§ THE RECORDS
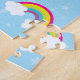 Fügen Sie der Spielsammlung Ihres kleinen Mädchens eine persönliche Touch mit diesem niedlichen, farbenfrohen Einhorn-Puzzle hinzu. Puzzle hat ein rosa Einhorn, lila Einhorn, und zwei weiße Einhorn. Im Hintergrund sind schöne Regenbögen und Wolken. Fügen Sie den Namen Ihres Kindes unten für eine persönliche Touch hinzu.
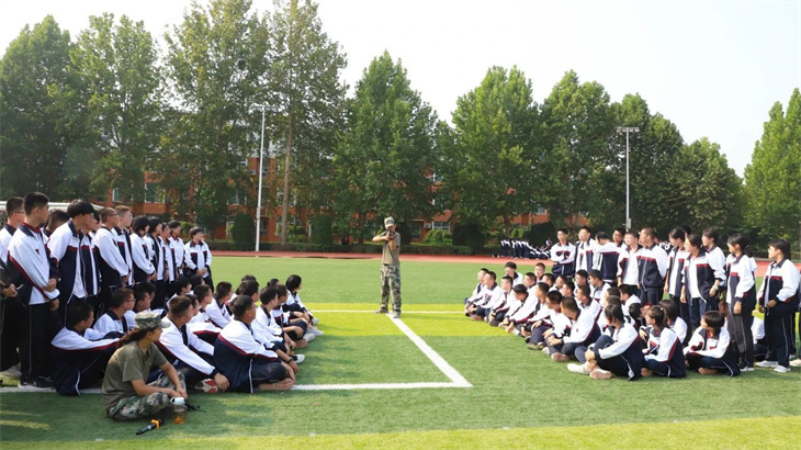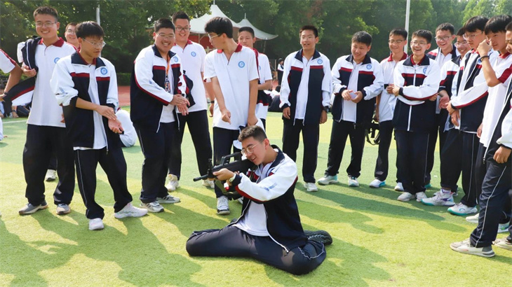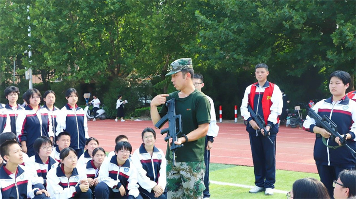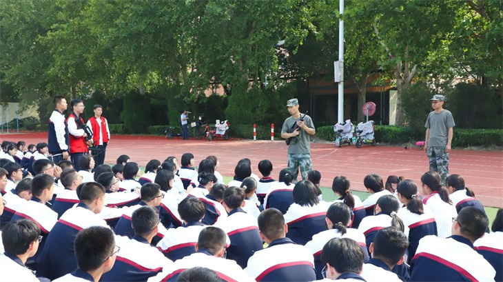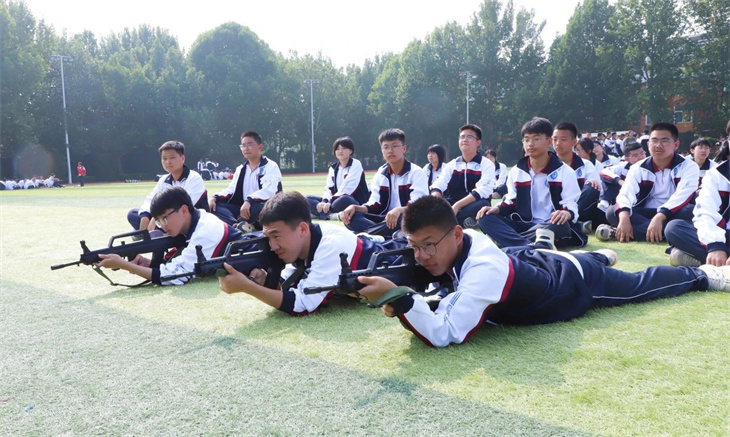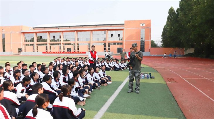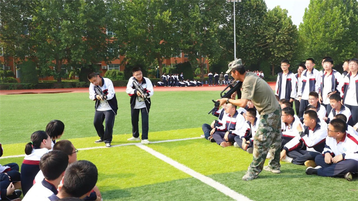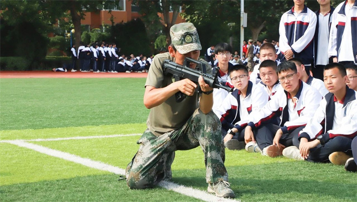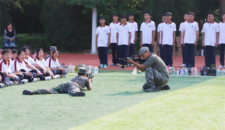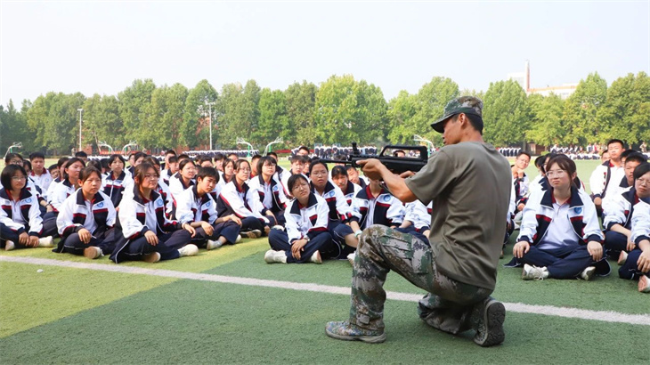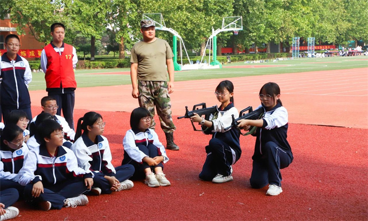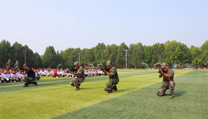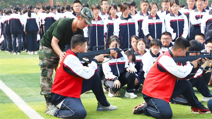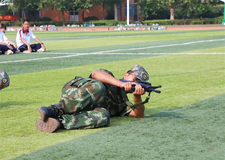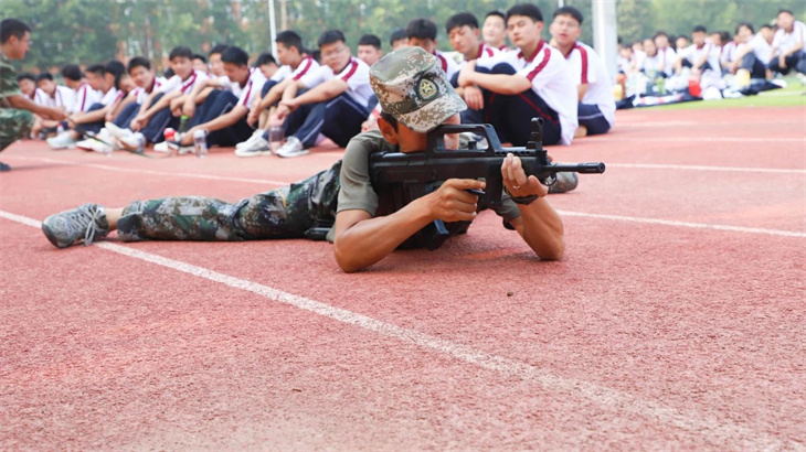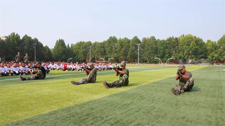 教官们在简单地介绍了枪支的性能后,集体给所有的学生演示了匍匐行动、射击、瞄准等战术动作。教官们娴熟的动作,一气呵成的军事行动,赢得学子们的热烈掌声!
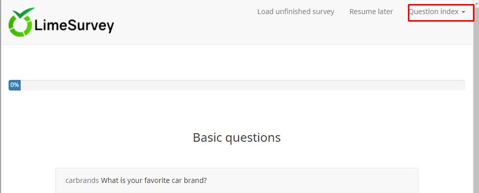 | Summary | 16665: Question index not shown if survey mode is set to "inherit" | ||||
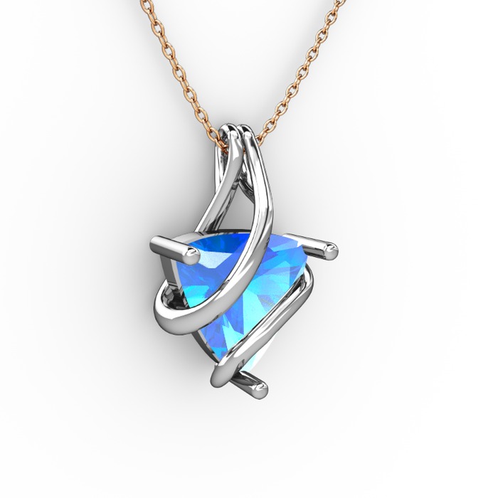 Akuamarin 14 ayar beyaz altın kolye (40 cm rose altın rolo zincir)
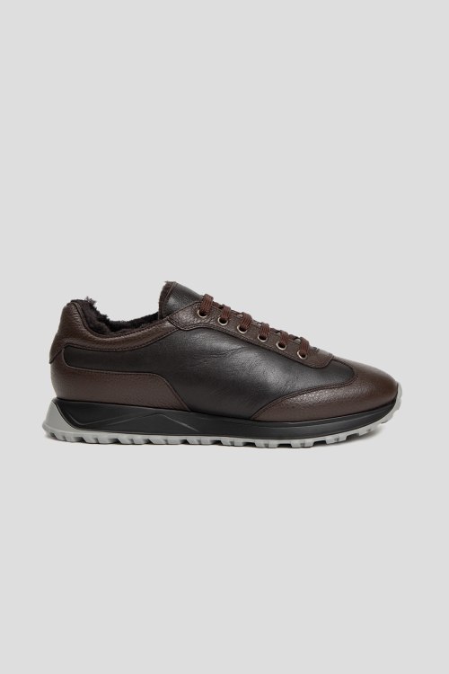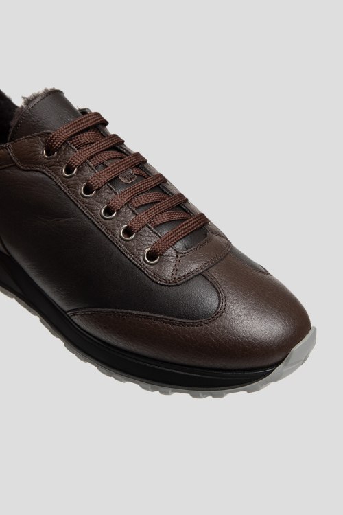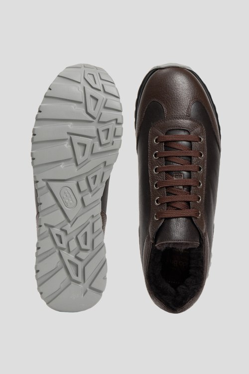 Детали: Мужские темно-коричневые кожаные кроссовки на меху от Aldo Brue (Алдо Бруе). Модель из гладкой кожи, классическая шнуровка, закругленный носок, внутри на меху
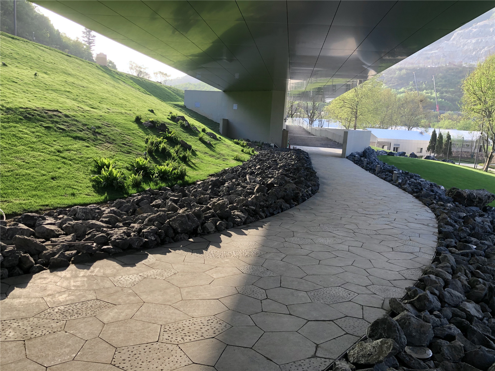 受到石礦開采歷史的啟發(fā),設(shè)計(jì)的另一個(gè)策略是在建設(shè)公園的過程中, 重新利用地基開挖發(fā)現(xiàn)的石塊并加以回收利用。現(xiàn)場挖掘過程中所得到的巨石被用作了建造材料。大型石塊用于美術(shù)館入口做為雕塑感強(qiáng)烈的意象元素, 創(chuàng)造出震撼人心的入場體驗(yàn),并在博物館入口處表露出了一絲傳承的氣息。宛如一個(gè)追思場所前的自然守護(hù)神,一個(gè)令人敬仰的神龕前的忠實(shí)守衛(wèi)。大地的力量在地質(zhì)的堅(jiān)固、沉重和平靜中再次展現(xiàn)了出來。
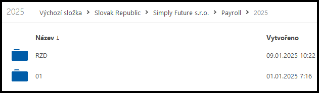Kořenová složka » Země klienta » Název klienta » Payroll (Mzdová složka) » Rok » Název daňové složky (například “RZD”)
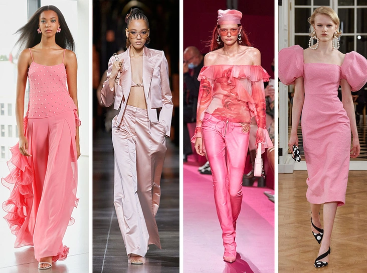 Почетное место в трендовой палитре сезона занимает нежно-розовый. За триумфальным возвращением этого цвета уже наблюдали прошлым летом и совсем не против, если этот универсальный оттенок продолжит останется с нами еще на год. В новом сезоне носите его в тотал-луках, как на показах Blumarine, No. 21 и Fendi — аутфит будет выглядеть завершенным, а вы при этом потратите на составление образа минимум времени.
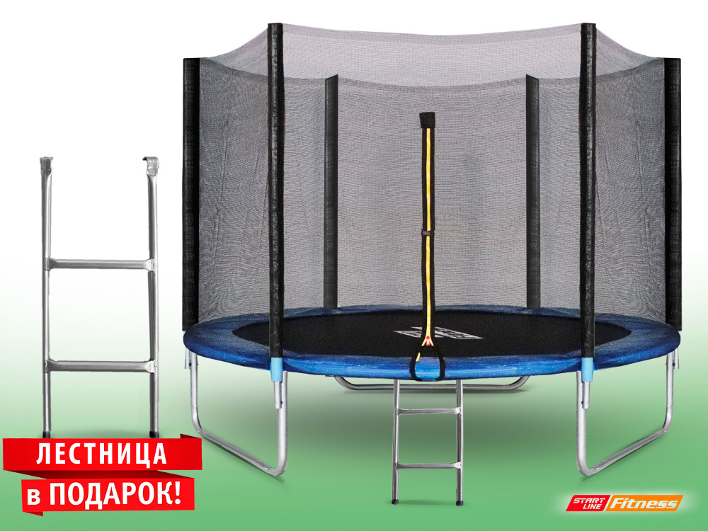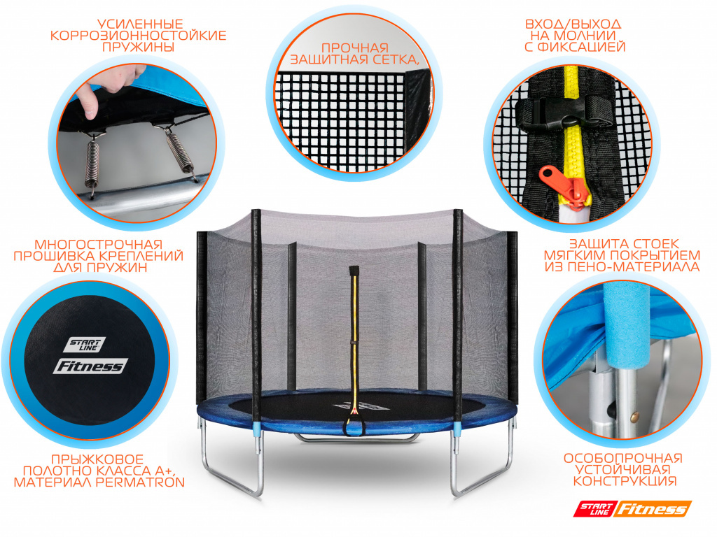 Батуты прекрасно подходят для использования как взрослыми, так и детьми. Могут быть размещены в домах, на дачах, во дворах, а также в парках и на пляжах. При производстве батутов уделяется особое внимание качеству. Даже на самом маленьком по диаметру батуте используется 60 пружин, это увеличивает высоту прыжка. Поверхность для прыжков выполнена из самого прочного полипропилена последнего поколения Перматрон. Пружины выполнены из высококачественной стали, которые имеют повышенную защиту от износа и растягивания, тем самым позволяя продлить срок службы батута. Для обеспечения безопасности пружины закрыты защитным чехлом. Внешняя защитная сетка #40;в комплекте#41; обеспечит безопасность от случайного падения. Сетка изготовлена из высокопрочного нейлона, надежно крепится к стойкам батута. Для защиты вход/выход через сетку выполнен на молнии с фиксирующими защелками с внешней стороны. В комплекте с батутом поставляются ключи для сборки, лестница и подробная инструкция.

§ REQUIRED WORK
From the line containing "Почетное место в" through the last line of the material above, write out each line exactly, leaving aside all pictures.

§ EXPECTED ANSWER
 Почетное место в трендовой палитре сезона занимает нежно-розовый. За триумфальным возвращением этого цвета уже наблюдали прошлым летом и совсем не против, если этот универсальный оттенок продолжит останется с нами еще на год. В новом сезоне носите его в тотал-луках, как на показах Blumarine, No. 21 и Fendi — аутфит будет выглядеть завершенным, а вы при этом потратите на составление образа минимум времени.
 Батуты прекрасно подходят для использования как взрослыми, так и детьми. Могут быть размещены в домах, на дачах, во дворах, а также в парках и на пляжах. При производстве батутов уделяется особое внимание качеству. Даже на самом маленьком по диаметру батуте используется 60 пружин, это увеличивает высоту прыжка. Поверхность для прыжков выполнена из самого прочного полипропилена последнего поколения Перматрон. Пружины выполнены из высококачественной стали, которые имеют повышенную защиту от износа и растягивания, тем самым позволяя продлить срок службы батута. Для обеспечения безопасности пружины закрыты защитным чехлом. Внешняя защитная сетка #40;в комплекте#41; обеспечит безопасность от случайного падения. Сетка изготовлена из высокопрочного нейлона, надежно крепится к стойкам батута. Для защиты вход/выход через сетку выполнен на молнии с фиксирующими защелками с внешней стороны. В комплекте с батутом поставляются ключи для сборки, лестница и подробная инструкция.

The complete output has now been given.